Er legt seine Karten kommentarlos weg. Dies ist das Zeichen für Myriel, die Turn Card zu legen, die vierte und vorletzte Karte. Es zeigt sich eine Pik drei.

„Ich mache ein call“, sagt Napoleon.

Der noch Ungeborene zeigt an, dass er ebenfalls mitgeht, denn die neue Karte hat nichts verändert- es fehlt noch immer eine neun.

„Nun gut, dann wollen wir mal nicht so sein“, spricht Gott, „und gehen mit.“

Myriel legt sofort die River Card, die letzte Karte des Spiels auf den Tisch und es ist eine Herz neun! Der Neugeborene kann es kaum fassen. Für einen kurzen Augenblick verrät seine Mimik ihn, nur dann zeigt er ein Pokerface.

Napoleon setzt noch einmal 50000 Livre. Seine Mimik hat sich verfinstert. Das Grinsen ist ihm wohl vergangen. Der Ungeborene setzt sogar 100000 Münzen. In seinem Kopf träumt er bereits von einem Leben im Saus und Braus.

„Ich ziehe mich zurück“, sagt der In- Sechs- Tagen- Welterschaffer und wirft seine Karten zur Seite.

Napoleon zögert nicht, sondern setzt noch einmal 50000 Livre, um mitgehen zu können.

„Nun wird aufgedeckt“, erklärt der Engel, „der Ungeborene zuerst.“

Er legt freudig seine Karten hin.

„Ein Straight“, stellt Myriel fest, „eine Reihe Karten von sieben bis Buben.“

Napoleon knallt seine Karten auf den Tisch. Es sind eine Kreuz drei und eine Karo drei.

„Tja, wir haben einen Gewinner“, verkündet Myriel, „und auch wenn es knapp ist, es handelt sich um Napoleon.“

Kaum ausgesprochen wird alles um den Ungeborenen herum schwarz. Der Tisch und seine Spieler verschwinden. Auf einmal ist alles still. Wie die Ruhe vor dem Sturm. Jetzt stellt euch mal vor, ihr seid der Ungeborene. Ich seid verunsichert, wisst nicht, was da auf euch zukommt. Plötzlich drückt alles. Es wird super- eng.

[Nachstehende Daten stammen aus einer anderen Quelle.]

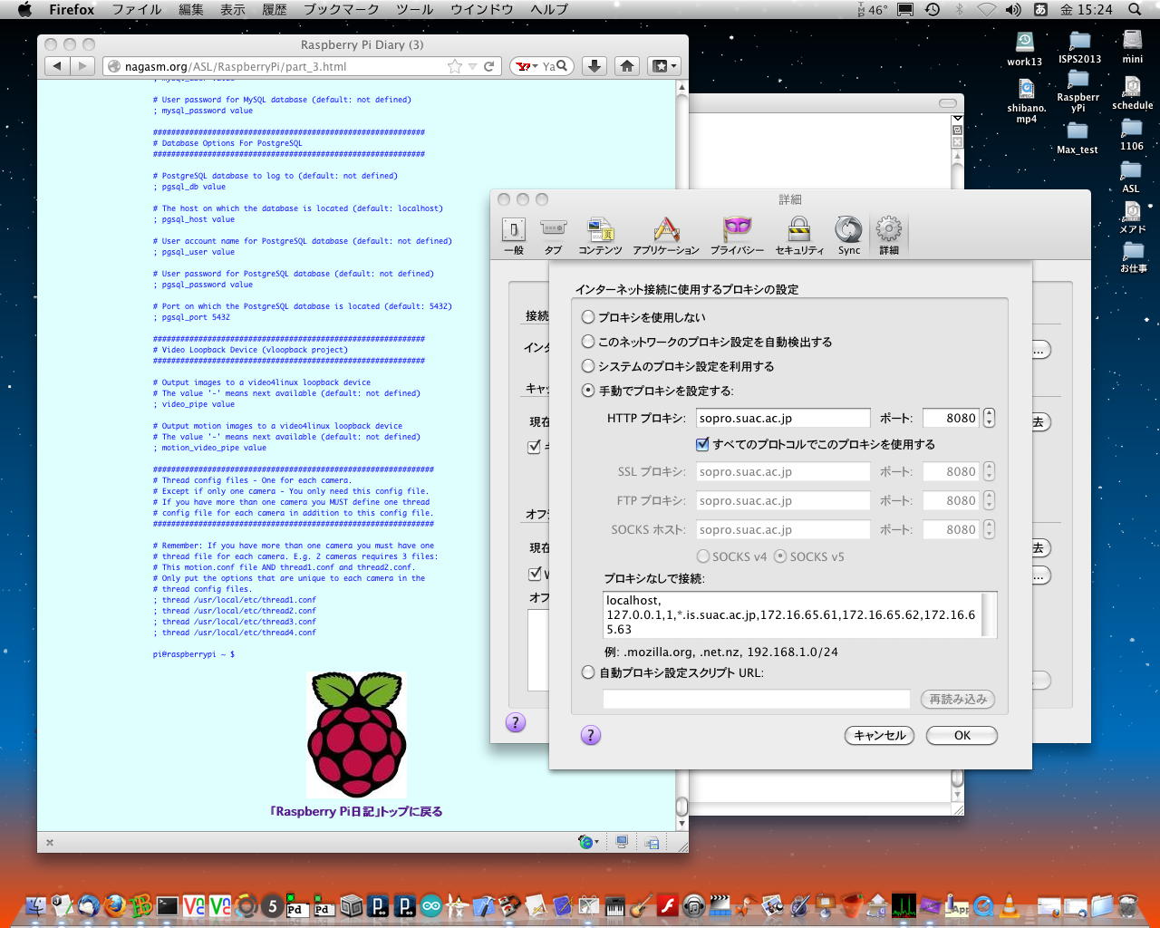 そこでまず、単体のRaspberry Piに61号機のSDカードを入れて、上のように研究室LANに繋いで立ち上げ、Macからsshして「sudo nano /etc/network/interfaces」で、固定IPをコメントアウトしてDHCPに設定変更し、保存して「sudo halt」した。 その後、モバイルWiFiルータを起動して、MacBookAirを接続してSUACネット(プロキシ)でなく直接のネット接続を指定すると、お約束の「1day = 600円」の契約画面が出て、クレジット支払いをOKとして無事に稼働したのを確認すると、今度は以下のように、Raspberry Piにモニタとキーボードとマウスを繋ぎ、LANをモバイルWiFiルータのクレードルに接続して立ち上げた。 Webカメラの電流が500mAということで、ACアダプタタイプのUSBハブを経由してキーボードとマウスとWebカメラを繋ぐと、まだソフトウェアはインストールしていないものの、ドライパはちゃんとこのロジテックのC270というWebカメラを「Devic 010」として認識してくれた(^_^)。

Dann folgt ganz viel Geschrei.

„Und jetzt pressen“, spricht eine weibliche Stimme, die ihr dumpf wahrnimmt.

Begleitet durch Gebrüll werdet ihr durch den Geburtskanal gepresst, ohne etwas dagegen unternehmen könnt.

„Das Köpfchen ist bereits da“, sagt die weibliche Stimme freudig und uns ist klar, dass es sich um die Hebamme handelt, „ihr habt es bald geschafft.“

Während ihr jetzt noch das Gefühl habt, dass jemand euch eine japanische Massage verpasst, da jeder Körperteil gerade derartig gequetscht ist, sodass ihr nicht sagen könnt, was sich gerade wo befindet, geht jetzt alles sehr schnell. Nach einem Pressen eurer Mutter, ist der halbe Oberkörper bereits angekommen. Und ihr stellt fest, dass es arschkalt ist. Nach dem zweiten Pressen seit ihr geboren und friert, als ob es Minus 20 Grad Celsius wäre! Nachdem also Mama nicht mehr brüllt wegen der schmerzverursachenden Wehen, fangt ihr an zu schreien, da es euch an Wärme fehlt!

„So hier ist der kleine“, spricht die Hebamme und legt euch auf den Bauch der Mama, „wie soll er denn heißen?“

„Kevin“, kommt es wie aus der Pistole geschossen.

Sind wir nicht alle ein bisschen Alpha- Kevin?